Let's think about how someone might attack a weakness in a SessionID
generator. Assume that the victim computer's version of Linux has a
bug that causes /dev/urandom to be seeded with all zeroes every time
it boots, and that it never adds any entropy. If the opponent guessed
or knew that this was the case, then the opponent could connect to
the webserver, get a SessionID, and would then be able to make very
good guesses about what other SessionIDs were currently in use. (By
starting from all zeroes, and applying the algorithm until the
obtained SessionID was reached.)
Assuming that some sort of "entropy" is being added, the next thing
the attacker could do is to come up with a way to either
predict what is being added as "entropy", or at least guess at it
with substantially more effectiveness than random chance.
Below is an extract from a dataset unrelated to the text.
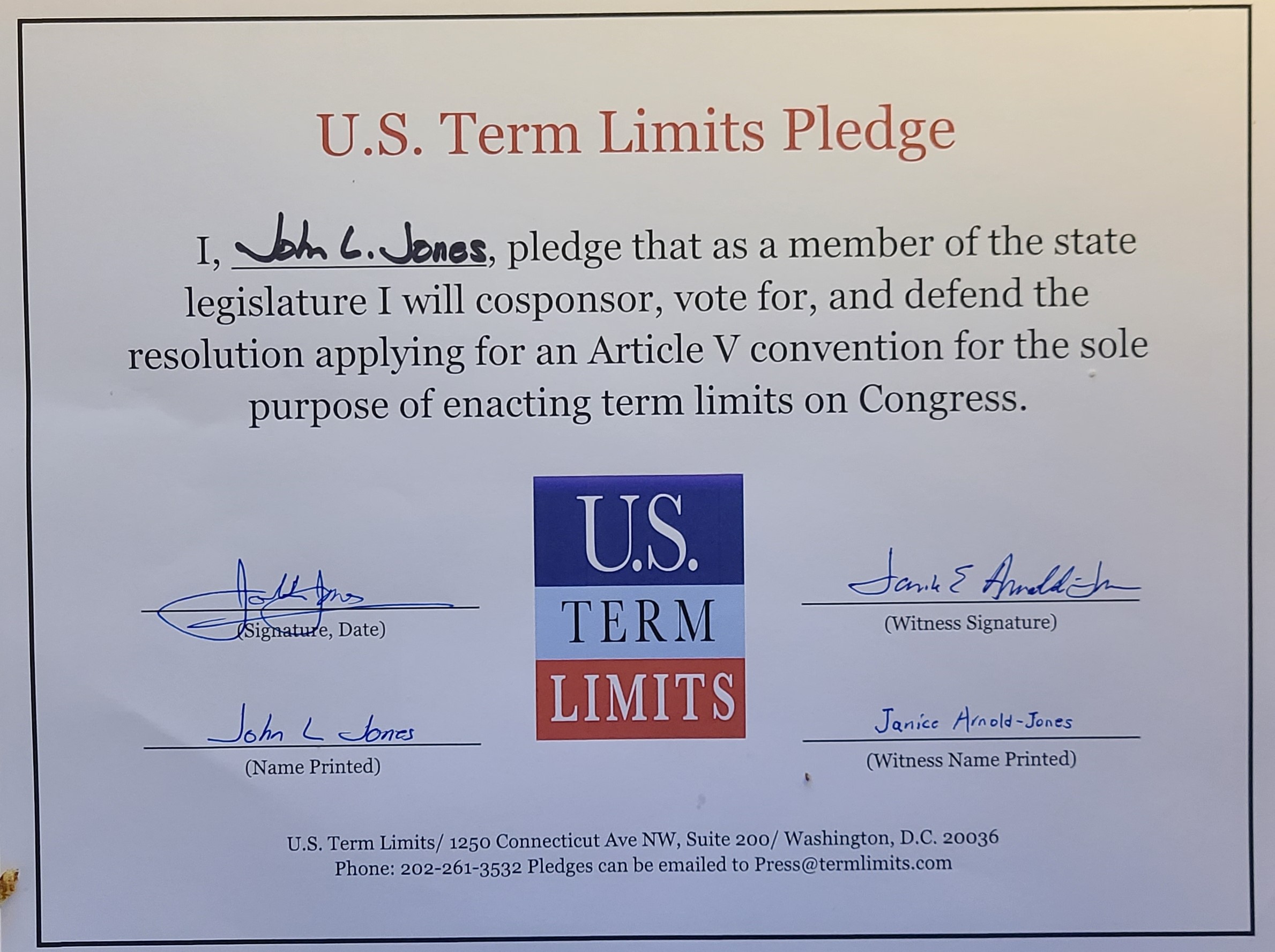 USTL President, Philip Blumel, commented on Jones’s pledge saying, “John’s support of term limits shows that there are individuals who are willing to listen to the majority of voters who want term limits. America needs a Congress that will be served by citizen legislators, not career politicians.”

One early version of this many years ago was when Ian Goldberg
and Dave Wagner discovered that an early version of Netscape's
web server was seeding their random number generator with nothing
more than the time and the PID, both of which were sufficiently
easy to guess at that it was quite easy to predict what session
keys would be generated.
However, unless the attacker has successfully cryptanalyzed SHA
(which would have far greater consequences than the ability to
predict SessionIDs in Tomact :-) the attacker is going to have
to successfully model ALL entropy ever added in. After the first
eighty or so bits of "real entropy," it's going to be easier to
just guess random SessionIDs (with some cleverness about
predicting the time and the session counter, which are both
predictable and inter-related)
Note that the chance of guessing _a_ session (as opposed to a
particular session) goes up steadily with the total number of
valid sessions. (Let's say, for the sake of example, that you
have a 1/2^80 chance of guessing a particular session; if you
have 2048 valid sessions, it improves to a 1/2^69 chance.) For
this reason, if you're really paranoid, you'll want to increase
the part of the SessionID from /dev/urandom to 128 bits and
ditch the use of the time (unless it has semantic value down
the food chain that I'm missing.) This way, as long as you have
more than 128 bits of "real entropy", it's going to be "easier"
for the attacker to make the on average num_sessions/2^127
guesses needed to find a valid SessionID.
Hope this is helpful!
Cheers,
Doug